• _What to do_
Without the pictures, can you quote each line below exactly?

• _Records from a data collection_
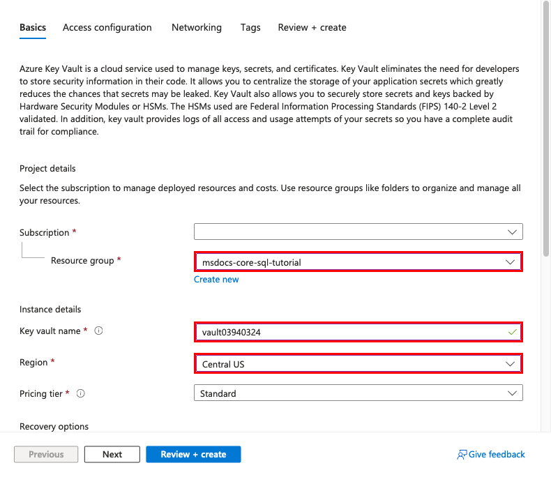 - 名称: msdocs-core-sql-XYZ。 将为你生成名为 msdocs-core-sql-XYZ_group 的资源组。
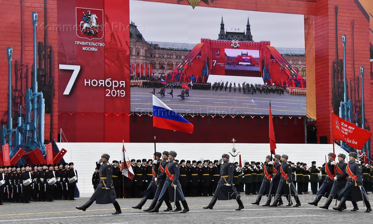 Торжественный марш, посвященный 78-й годовщине военного парада 7 ноября 1941 года, прошел на Красной площади. Участники во время марша.
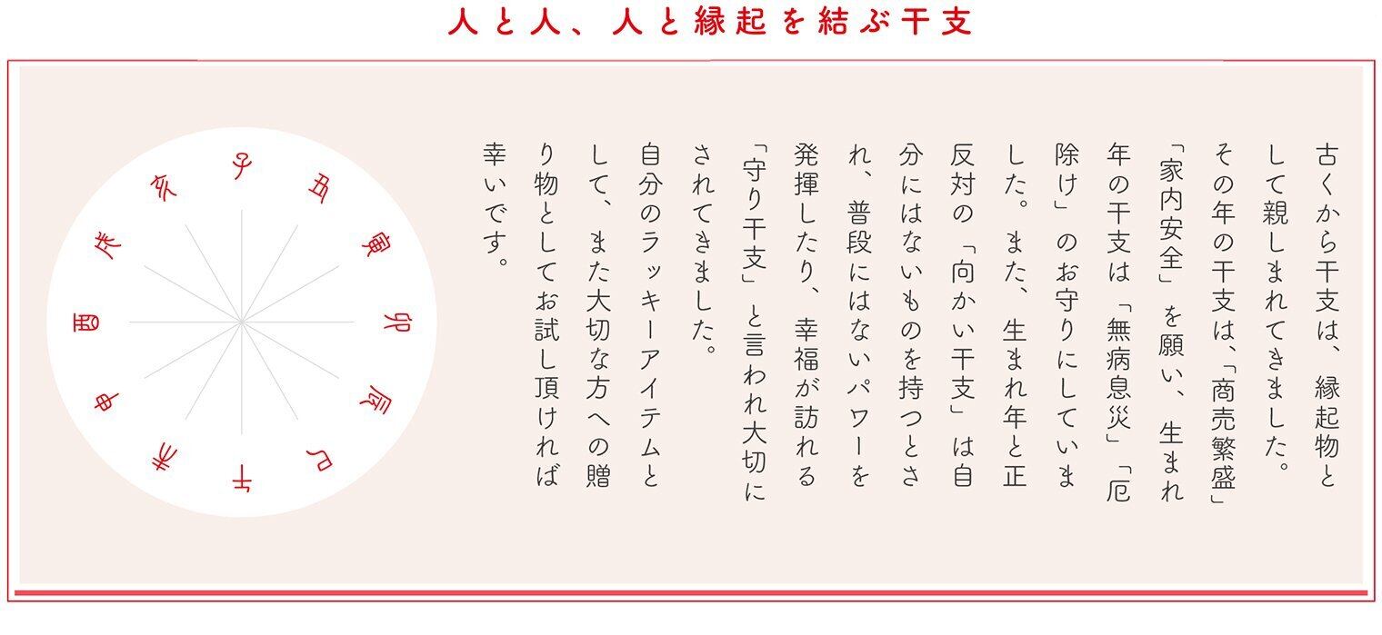 「その年の干支」・・・「商売繁盛」「家内安全」、「生まれ年の干支」・・・「無病息災」「厄除け」、「生まれ年と正反対の干支(向かい干支)」・・・普段にはないパワーを発揮したり幸福が訪れる「守り干支」、など、干支にはさまざまな願いや祈りが込められています。
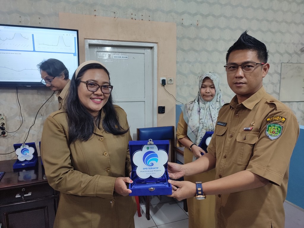 Dalam kesempatan tersebut, Sekretaris Dinas Muhammad Ario Nurvansyah menyerahkan secara langsung plakat penghargaan kepada 4 OPD teraktif dalam pengelolaan website. Adapun OPD teraktif.
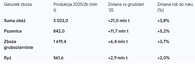 Najnowszy raport FAO z 6 lutego 2026 r. wskazuje na bezprecedensową podaż. Światowa produkcja zbóż ma wynieść 3 023 mln ton. To nie tylko wzrost o 3,8% w ujęciu rocznym, ale przede wszystkim wyraźna korekta kursu względem ostatnich szacunków z końca ubiegłego roku.
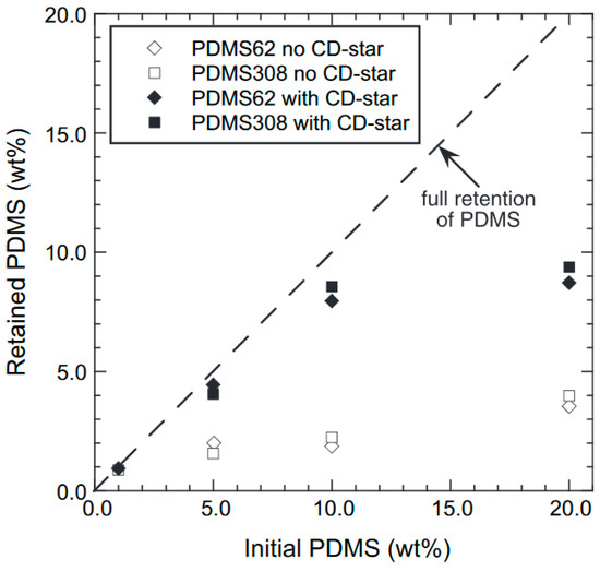 Retained poly(dimethyl-siloxane) (PDMS) (MWs = 62,000 and 308,000) vs. initial PDMS content for solution-cast films with and without γ–CD-stars. Films containing γ–CD-stars have a γ–CD core concentration of 1.0 wt %. Reproduced from [14] with permission, copyright Elsevier, 2010.
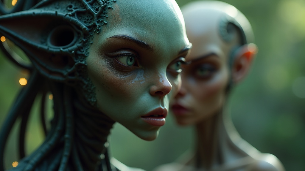 Realistic depiction with intricate depth of field, combining Sci-Fi elements with sharp focus and cinematic lighting for an impeccable composition in 8k UHD HDR. Featuring the model ReV Animated v1.21, characterized by unique features such as elongated neck, an unusual number of fingers, and subtly distorted facial attributes that convey a sense of otherworldly mutation. The scene is devoid of any logos, watermarks, or text, ensuring clean and high-resolution imagery, free from any blurring or digital artifacts. The focus remains within frame for a seamless and immersive visual experience.
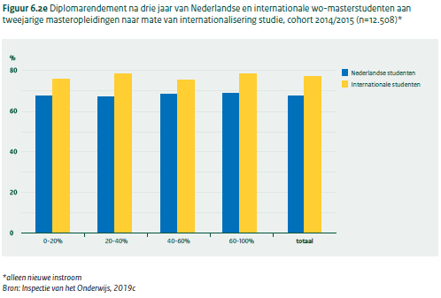 Ook in de universitaire masterstudies doen ze het beter. Bijna tachtig procent behaalt zijn diploma met hooguit een jaar uitloop, tegen bijna zeventig procent van de Nederlanders. Het aantal Nederlandse wo-studenten dat met hooguit een jaar uitloop zijn masterdiploma behaalt, wordt bovendien niet hoger of lager als er meer internationals bij hen in de collegebanken zitten.
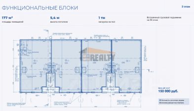 177 м² на первом этаже: Высота потолков — 5,4 м на каждом этаже. 177 м² на втором этаже.
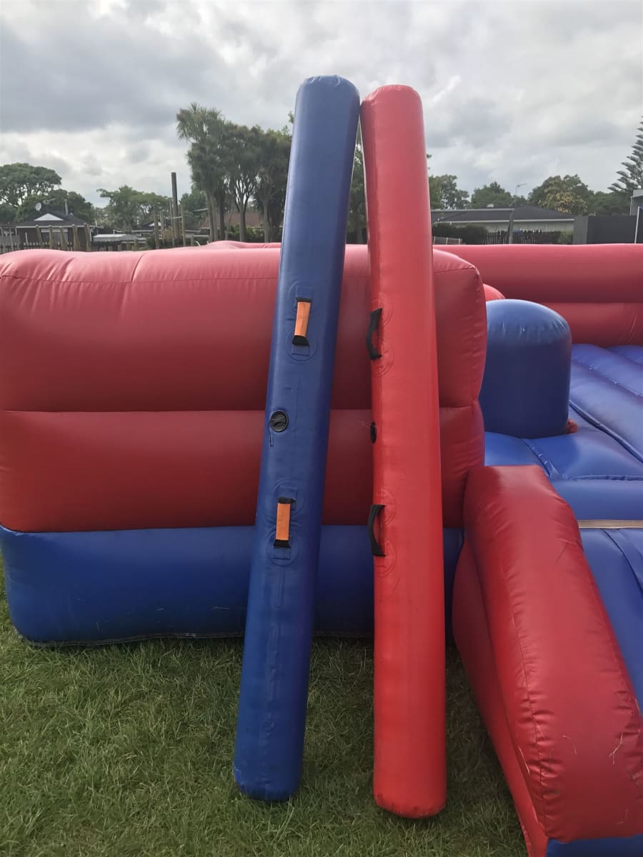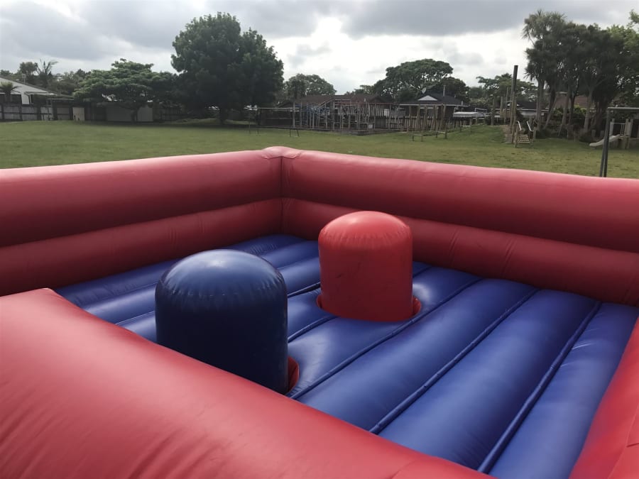 This big jousting arena offers lots of fun for the competitors and the crowd. Two gladiators head into the square and stand on their chosen stand, where they attempt to hit their competitor off. Watch one of them duck, bash, swerve and bop their way to glory.
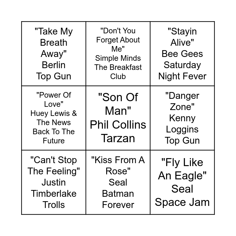 This bingo card has 20 words: "Shallow" Lady Gaga A Star Is Born, "Talking In Your Sleep" The Romantics Five Nights At Freddy's, "Stayin Alive" Bee Gees Saturday Night Fever, "I Don't Want To Miss A Thing" Aerosmith Armageddon, "Iris" Goo Goo Dolls City of Angels, "Son Of Man" Phil Collins Tarzan, "I Want You To Want Me" Cheap Trick 10 Things I Hate About You, "Take My Breath Away" Berlin Top Gun, "Fly Like An Eagle" Seal Space Jam, "Don't You Forget About Me" Simple Minds The Breakfast Club, "The Time of My Life" Bill Meadley Dirty Dancing, "You're The One That I Want" John Travolta Grease, "Danger Zone" Kenny Loggins Top Gun, "Maniac" Michael Sembello Flashdance, "Can't Stop The Feeling" Justin Timberlake Trolls, "9 To 5" Dolly Parton 9 to 5, "Kiss From A Rose" Seal Batman Forever, "Power Of Love" Huey Lewis & The News Back To The Future, "It Must Have Been Love" Roxette Pretty Woman and "Lose Yourself" Eminem 8 Mile.

• _Result for this task_
 - 名称: msdocs-core-sql-XYZ。 将为你生成名为 msdocs-core-sql-XYZ_group 的资源组。
 Торжественный марш, посвященный 78-й годовщине военного парада 7 ноября 1941 года, прошел на Красной площади. Участники во время марша.
 「その年の干支」・・・「商売繁盛」「家内安全」、「生まれ年の干支」・・・「無病息災」「厄除け」、「生まれ年と正反対の干支(向かい干支)」・・・普段にはないパワーを発揮したり幸福が訪れる「守り干支」、など、干支にはさまざまな願いや祈りが込められています。
 Dalam kesempatan tersebut, Sekretaris Dinas Muhammad Ario Nurvansyah menyerahkan secara langsung plakat penghargaan kepada 4 OPD teraktif dalam pengelolaan website. Adapun OPD teraktif.
 Najnowszy raport FAO z 6 lutego 2026 r. wskazuje na bezprecedensową podaż. Światowa produkcja zbóż ma wynieść 3 023 mln ton. To nie tylko wzrost o 3,8% w ujęciu rocznym, ale przede wszystkim wyraźna korekta kursu względem ostatnich szacunków z końca ubiegłego roku.
 Retained poly(dimethyl-siloxane) (PDMS) (MWs = 62,000 and 308,000) vs. initial PDMS content for solution-cast films with and without γ–CD-stars. Films containing γ–CD-stars have a γ–CD core concentration of 1.0 wt %. Reproduced from [14] with permission, copyright Elsevier, 2010.
 Realistic depiction with intricate depth of field, combining Sci-Fi elements with sharp focus and cinematic lighting for an impeccable composition in 8k UHD HDR. Featuring the model ReV Animated v1.21, characterized by unique features such as elongated neck, an unusual number of fingers, and subtly distorted facial attributes that convey a sense of otherworldly mutation. The scene is devoid of any logos, watermarks, or text, ensuring clean and high-resolution imagery, free from any blurring or digital artifacts. The focus remains within frame for a seamless and immersive visual experience.
 Ook in de universitaire masterstudies doen ze het beter. Bijna tachtig procent behaalt zijn diploma met hooguit een jaar uitloop, tegen bijna zeventig procent van de Nederlanders. Het aantal Nederlandse wo-studenten dat met hooguit een jaar uitloop zijn masterdiploma behaalt, wordt bovendien niet hoger of lager als er meer internationals bij hen in de collegebanken zitten.
 177 м² на первом этаже: Высота потолков — 5,4 м на каждом этаже. 177 м² на втором этаже.
 This big jousting arena offers lots of fun for the competitors and the crowd. Two gladiators head into the square and stand on their chosen stand, where they attempt to hit their competitor off. Watch one of them duck, bash, swerve and bop their way to glory.
 This bingo card has 20 words: "Shallow" Lady Gaga A Star Is Born, "Talking In Your Sleep" The Romantics Five Nights At Freddy's, "Stayin Alive" Bee Gees Saturday Night Fever, "I Don't Want To Miss A Thing" Aerosmith Armageddon, "Iris" Goo Goo Dolls City of Angels, "Son Of Man" Phil Collins Tarzan, "I Want You To Want Me" Cheap Trick 10 Things I Hate About You, "Take My Breath Away" Berlin Top Gun, "Fly Like An Eagle" Seal Space Jam, "Don't You Forget About Me" Simple Minds The Breakfast Club, "The Time of My Life" Bill Meadley Dirty Dancing, "You're The One That I Want" John Travolta Grease, "Danger Zone" Kenny Loggins Top Gun, "Maniac" Michael Sembello Flashdance, "Can't Stop The Feeling" Justin Timberlake Trolls, "9 To 5" Dolly Parton 9 to 5, "Kiss From A Rose" Seal Batman Forever, "Power Of Love" Huey Lewis & The News Back To The Future, "It Must Have Been Love" Roxette Pretty Woman and "Lose Yourself" Eminem 8 Mile.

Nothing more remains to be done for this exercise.